Dari sini kita bisa melihat dengan jelas bagaimana Karl Marx dan Vladimir Ilyich Lenin yang menempatkan tuntutan hak menentukan nasib sendiri, umumnya akan selalu menempati posisi yang subordinat dari perjuangan kelas dan perspektif Revolusi Proletariat. Karena bagi mereka, tindakan itu bukanlah suatu kewajiban yang absolut untuk mendukung setiap gerakan kemerdekaan untuk semua bangsa terjajah, kecuali hanya untuk kepentingan Perjunagan Kelas Buruh dan Revolusi Proletariat. Disisi lain, Karl Marx juga pernah menentang dengan keras kemerdekaan untuk Cekoslowakia dan Gerakan Pembebasan di Balkan pada paruh abad ke-19, karena ada keterlibatan dari kekuatan Negara Imperialis besar seperti; Tsarisme Russia, Jerman, dan Inggris, yang bertujuan untuk tujuan mempertahankan kepemilikan pribadi mereka atas alat produksi.
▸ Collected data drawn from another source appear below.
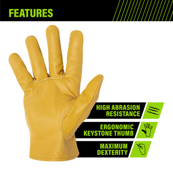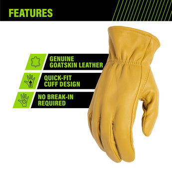 Crafted from genuine, top-grain leather and designed for comfort, AWP Grain Leather Goatskin work gloves are also highly durable, with excellent tear and abrasion resistance. Requiring no break-in period, these work gloves are soft and supple with an ergonomic, keystone thumb design that provides more flexibility and a quick-fit cuff for easy on and off.
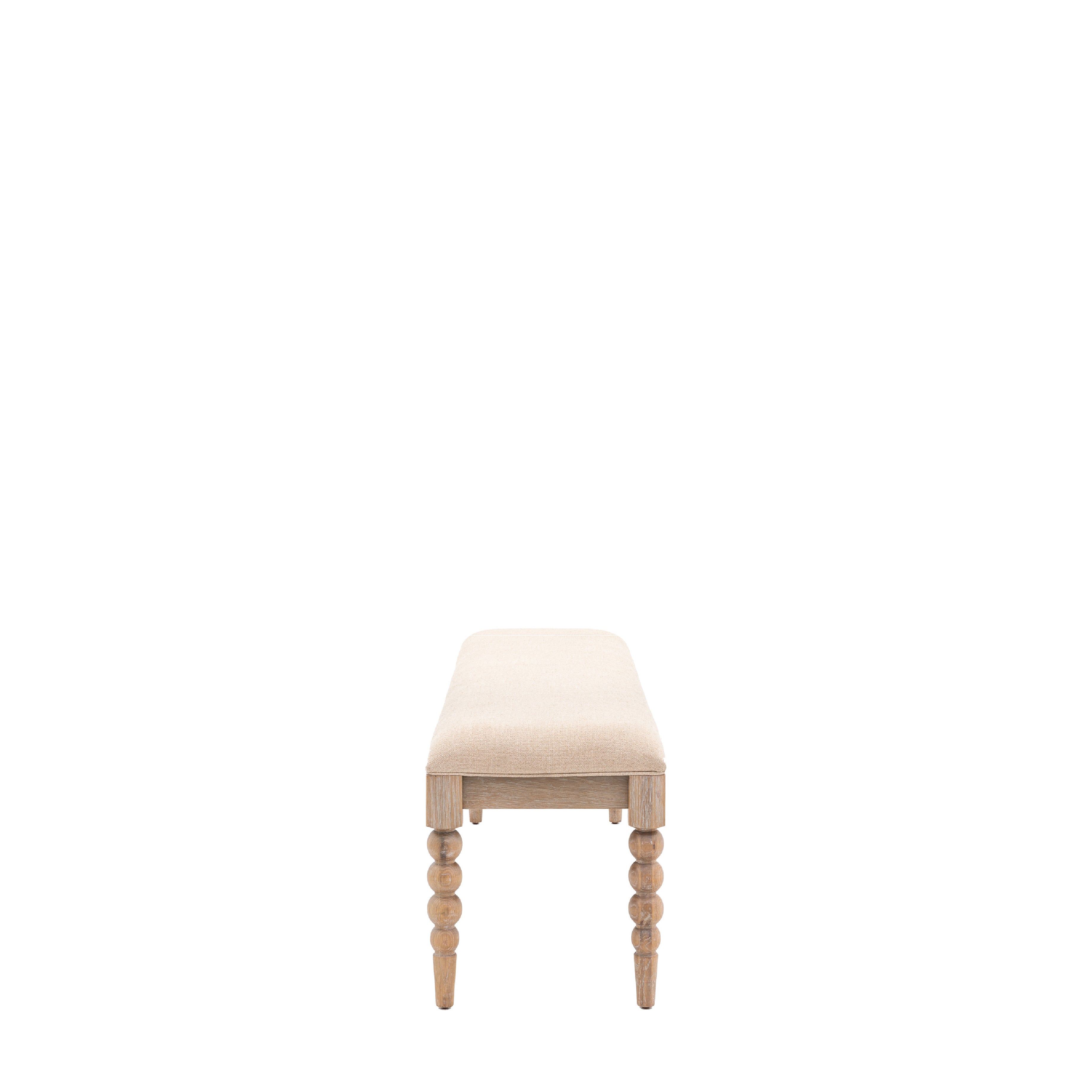 The eye-catching legs on this beautiful dining bench feature hand-crafted bobbin detail which is created by turning the wood on a lathe, a task carried out by the finest craftsmen. The bench is made from oak with a very subtle lime wash tone to the finish which is soft and mellow, paired with biscuit coloured fabric for the upholstered seat.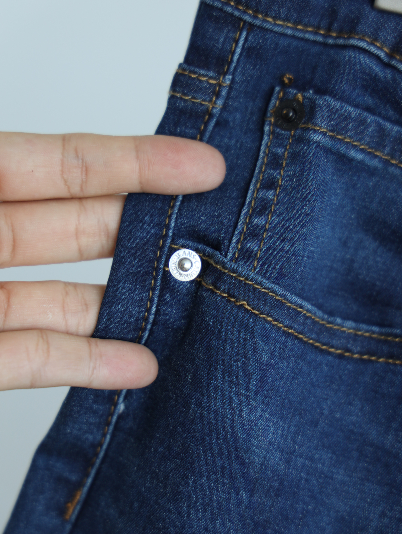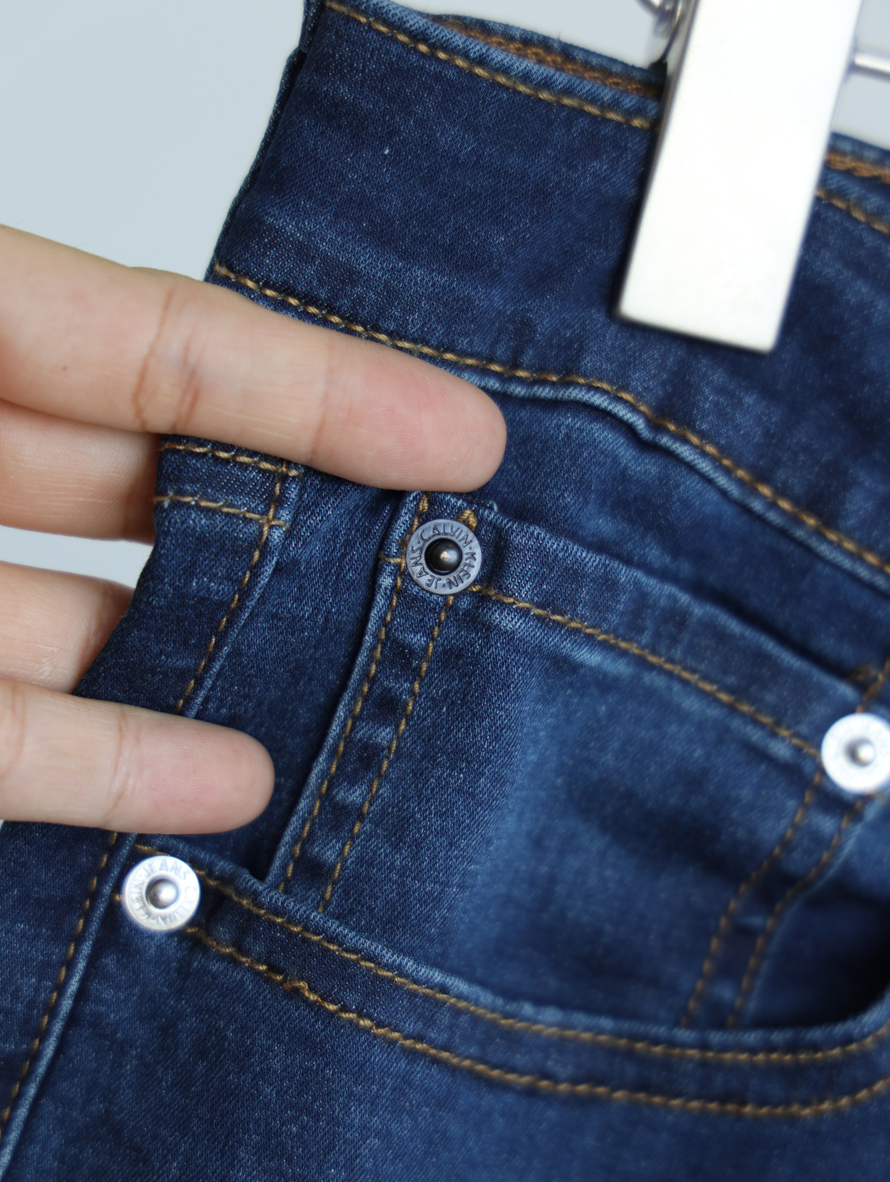 经典的5口袋造型。后腰黄色皮牌。面料薄,夏天穿没问题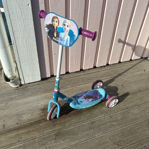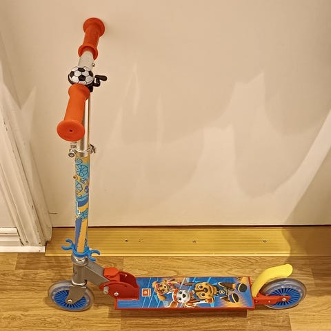 Marvel Spiderman sparkcykel i blått och rött. Motivet med Spiderman finns på fotplattan. Styret har röda skumhandtag och höjden är justerbar. Sparkcykeln har två hjul i plast med röd färg och en fotbroms över bakhjulet. Passar barn som vill ha en enkel tvåhjulig sparkcykel med Spiderman-tema för lek på plana underlag utomhus eller inomhus. Klistermärket på stången något avskavt, går bra att ta bort. Endast avhämtning i Hägersten.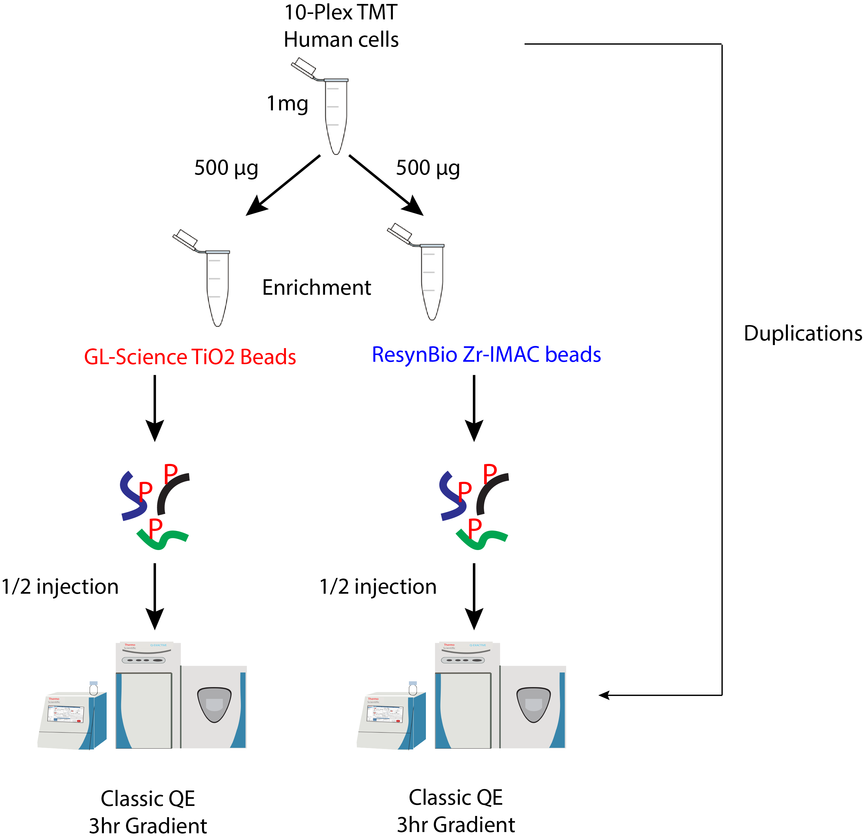그림과 같이 10-Plex TMT가 결합된 human cell 1mg을 절반으로 나누어서 각각의 beads에 적용한후 최종 회수된 시료의 절반을 classic QE로 분석하였습니다. 그리고 동일한 방법으로 처음부터 반복수행하였습니다.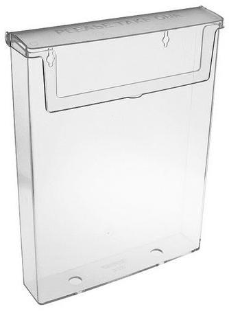 Szórólapok, információs anyagok egyszerű és látványos bemutatására szolgáló eszköz. -döntött forma a könnyebb láthatóság érdekében -egyoldalas bemutatásra alkalmas -kristálytiszta akril anyag -a lapok oldalról csúsztathatók bele
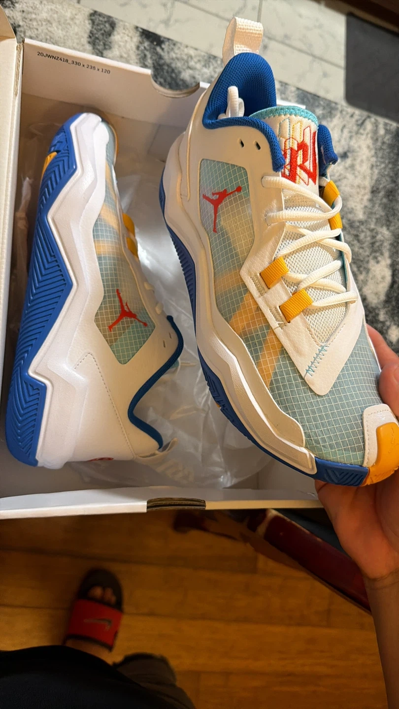 Here are a pair of Jordan Zoom Separate basketball shoes. They come in a white, blue, and yellow colorway and include the original box. Great for on the court!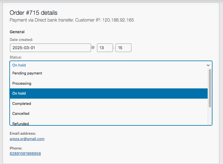 Jika pembayaran sudah diterima dan pesanan siap diproses, ubah status pesanan menjadi Processing.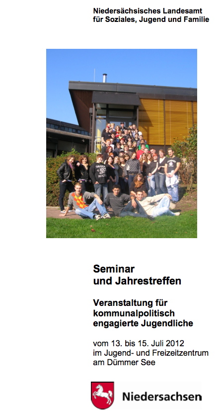 Das Niedersächsisches Landesamt für Soziales, Jugend und Familie veranstaltet ein Seminar und Jahrestreffen für kommunalpolitisch engagierte Jugendliche vom 13. bis 15. Juli 2012 im Jugend- und Freizeitzentrum am Dümmer See.[mehr]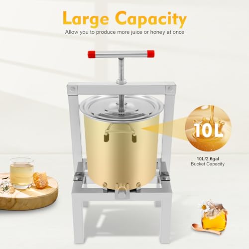 Fruit Honey Presser, 2.6Gal DIY Beeswax Extractor Stainless Steel Manual Grape Presser Fruit Wine Press Extractor Large Bucket Juice Extractors Large Capacity Juice Extraction Machine for Homes Farms

Setelah LBB (Liga Bangsa-Bangsa) dibubarkan dan digantikan dengan PBB (Perserikatan Bangsa-Bangsa) yang dibentuk pada akhir Perang Dunia ke II, selanjutnya konsep hak menentukan nasib sendiri diadopsi sebagai salah satu prinsip untuk mengembangkan hubungan persahabatan antar negara, yang kemudian dibahas dalam Sidang Umum PBB tahun 1960 yang dikenal dengan “Deklarasi Dekolonisasi”. Sehingga memberikan dua efek penting, yaitu; prinsip yang diangkat menjadi hak masyarakat, dan semua orang memiliki hak untuk menentukan nasib sendiri, berdasarrkan hak itu mereka dengan bebas menentukan status politik mereka dan bebas mengejar perkembangan ekonomi, sosial dan budaya mereka.”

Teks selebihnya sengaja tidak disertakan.